* **ACTIVITY**: Take the data below and copy exactly the lines starting at the one with "Based on the" and finishing at the one with "ふんわりとしたパステルカラー", both included.

* **INFORMATION GIVEN**:
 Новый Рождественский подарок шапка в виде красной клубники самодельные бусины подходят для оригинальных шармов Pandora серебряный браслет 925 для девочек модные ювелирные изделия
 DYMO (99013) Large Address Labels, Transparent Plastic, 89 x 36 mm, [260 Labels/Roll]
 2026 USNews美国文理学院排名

--

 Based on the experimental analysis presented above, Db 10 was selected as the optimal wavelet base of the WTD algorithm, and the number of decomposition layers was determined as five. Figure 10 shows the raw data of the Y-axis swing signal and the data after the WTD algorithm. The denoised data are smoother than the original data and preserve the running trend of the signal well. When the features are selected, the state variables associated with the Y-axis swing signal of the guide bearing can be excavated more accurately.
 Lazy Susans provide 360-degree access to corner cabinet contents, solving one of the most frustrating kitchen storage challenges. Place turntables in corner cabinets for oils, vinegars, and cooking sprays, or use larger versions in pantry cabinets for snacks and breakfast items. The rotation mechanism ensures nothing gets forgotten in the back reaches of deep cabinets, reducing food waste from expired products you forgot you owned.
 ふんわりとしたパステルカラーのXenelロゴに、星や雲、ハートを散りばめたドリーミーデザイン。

* **EXERCISE ANSWER**:
 Based on the experimental analysis presented above, Db 10 was selected as the optimal wavelet base of the WTD algorithm, and the number of decomposition layers was determined as five. Figure 10 shows the raw data of the Y-axis swing signal and the data after the WTD algorithm. The denoised data are smoother than the original data and preserve the running trend of the signal well. When the features are selected, the state variables associated with the Y-axis swing signal of the guide bearing can be excavated more accurately.
 Lazy Susans provide 360-degree access to corner cabinet contents, solving one of the most frustrating kitchen storage challenges. Place turntables in corner cabinets for oils, vinegars, and cooking sprays, or use larger versions in pantry cabinets for snacks and breakfast items. The rotation mechanism ensures nothing gets forgotten in the back reaches of deep cabinets, reducing food waste from expired products you forgot you owned.
 ふんわりとしたパステルカラーのXenelロゴに、星や雲、ハートを散りばめたドリーミーデザイン。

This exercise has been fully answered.